Alexandra Shulman-Peleg 1,*, Ruth Nussinov 2,3, Haim J Wolfson 1
PMCID: PMC2686467  PMID: 18953028

Abstract

We present a new database and an on-line search engine, which store and query the protein binding pockets that interact with single-stranded RNA nucleotide bases. The database consists of a classification of binding sites derived from protein–RNA complexes. Each binding site is assigned to a cluster of similar binding sites in other protein–RNA complexes. Cluster members share similar spatial arrangements of physico–chemical properties, thus can reveal novel similarity between proteins and RNAs with different sequences and folds. The clusters provide 3D consensus binding patterns important for protein–nucleotide recognition. The database search engine allows two types of useful queries: first, given a PDB code of a protein–RNA complex, RsiteDB can detail and classify the properties of the protein binding pockets accommodating extruded RNA nucleotides not involved in local RNA base pairing. Second, given an unbound protein structure, RsiteDB can perform an on-line structural search against the constructed database of 3D consensus binding patterns. Regions similar to known patterns are predicted to serve as binding sites. Alignment of the query to these patterns with their corresponding RNA nucleotides allows making unique predictions of the protein–RNA interactions at the atomic level of detail. This database is accessable at http://bioinfo3d.cs.tau.ac.il/RsiteDB.

INTRODUCTION

Understanding and predicting protein–RNA interactions at the atomic level is crucial for our ability to interfere with such processes as gene expression and regulation. Several works have classified protein–RNA interactions based on the sequences and folds of the corresponding protein (1–3) or RNA molecules (4–6). However, these do not always capture the similarity in the local regions which are responsible for protein–RNA recognition. These regions are important since even proteins of the same family can form different interactions with RNA nucleotides (7,8). By analyzing the amino acid composition in RNA binding sites, several successful methods for prediction of RNA binding regions were developed (9–12). However, there are only few methods (5) that distinguish between two main interaction types formed across protein–RNA interfaces: (i) interactions with the backbone of double-stranded RNA molecules; (ii) interactions with single-stranded RNA bases that are buried in the protein binding pockets (14).

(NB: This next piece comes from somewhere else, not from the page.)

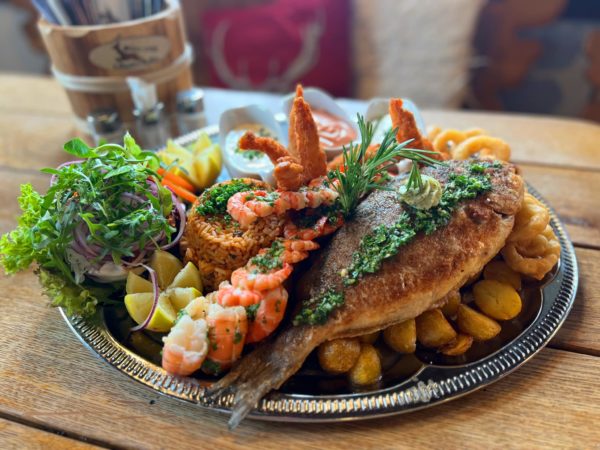 von „Eishken Estate“ vom Grill mit Petersilie Erdäpfel gemischten Salat Knoblauch und Cocktailsauce so wie Kräuterbutter

Here, we focus on the classification and prediction of protein interactions formed with single-stranded nucleotide bases. Sequences of such nucleotides, which are not involved in local base pairs and are extruded from the surrounding double-stranded helix were also termed extruded helical single strands and described as Structural Classification of RNA (SCOR) motifs (6,15). As estimated by the recent study of Ellis and Jones (16), the flexibility in the protein binding sites is not significant and should allow structural prediction of protein–RNA interaction. In our recent work (17), we investigated the protein binding pockets that accommodate extruded nucleotides. We observed that most of the protein interacting nucleotides are part of a consecutive fragment of at least two nucleotides, whose rings have significant interactions with the protein. Many such pairs were observed to share the same protein binding cavity and >30% of these pairs are π-stacked. We showed that the classification of the nucleotide and dinucleotide binding sites reveals similarities in patterns important in protein–RNA recognition. We further showed that searching for known binding patterns on the surface of a target protein allows the prediction of its dinucleotide binding sites with a high success rate (17).

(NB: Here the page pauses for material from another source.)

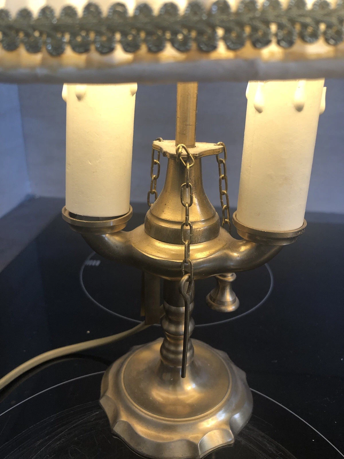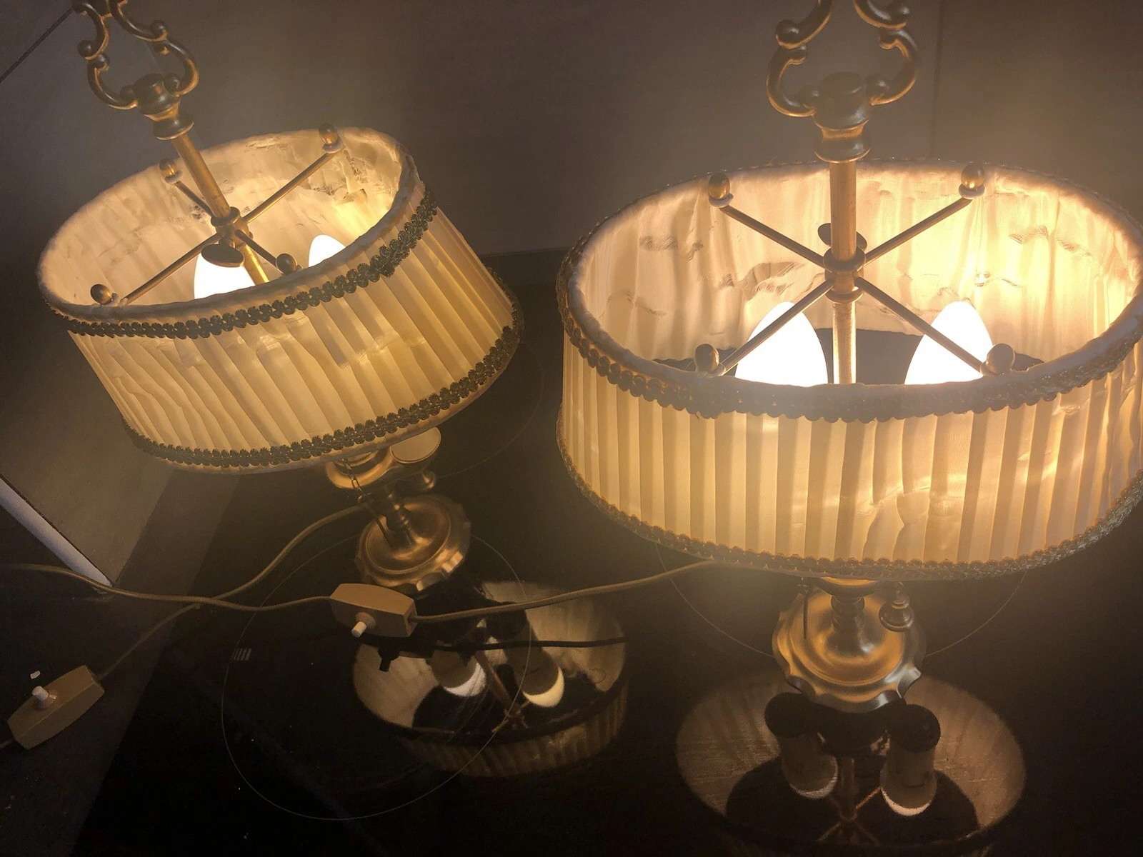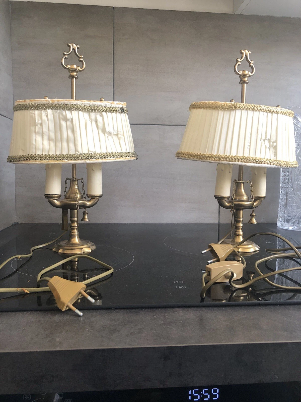 K89 Urocza para lamp w stylu z mosiądzu i brązu, z abażurem z nylonu.

Here, we present the RNA binding site Data Base (RsiteDB), which details and classifies the nucleotide and dinucleotide binding pockets from all known protein–RNA complexes. The database contains the 3D physico-chemical patterns that describe the main types of the interactions. The on-line search engine of RsiteDB allows to search these patterns in a query protein. This predicts the binding sites and the binding modes of RNA dinucleotide. The on-line structural search against the entire data set of 3D patterns takes only several minutes and provides an atomic level prediction of protein–RNA interactions.

RsiteDB overview

As illustrated in Figure 1, RsiteDB contains the nucleotide binding sites extracted from all known protein–RNA complexes. These binding sites are classified into clusters according to the spatial arrangement of the protein physico-chemical and geometrical properties. The created clusters provide a set of 3D consensus binding patterns, which represent the main types of protein–nucleotide interactions. This classification is useful both for the analysis of existing interactions and for prediction of unknown ones.

Figure 1.

Figure 1.

RsiteDB overview. An overview of RsiteDB infrastructure and modes of operations. RsiteDB is based on the classification of the 3D binding patterns extracted from all protein–RNA complexes. There are two ways to query RsiteDB. First, given a protein–RNA complex, RsiteDB analyzes and classifies its protein–nucleotide interactions. Second, given an unbound protein structure, RsiteDB predicts the regions that can function as dinucleotide binding sites.

The database search engine allows data retrieval or 3D searches with a query structure. The first option allows the analysis of existing complexes, we refer to it as RsiteDB analysis subsequently. This retrieves the properties and the similarities of nucleotide and dinucleotide binding sites stored in the database. The second option allows the prediction of novel interactions of unbound proteins. We refer to it as RsiteDB prediction. This is a different type of search algorithm which performs an online structural search of the query protein against the database of 3D-consensus binding patterns. The search algorithm is based on an efficient Geometric Hashing algorithm (18), which allows a simultaneous comparison to all of the database patterns (17). Regions that are structurally and physico-chemically similar to any of these patterns are predicted to serve as binding sites. The RNA nucleotides, bound to the top ranking patterns from the database, predict the binding modes of nucleotides to the query protein.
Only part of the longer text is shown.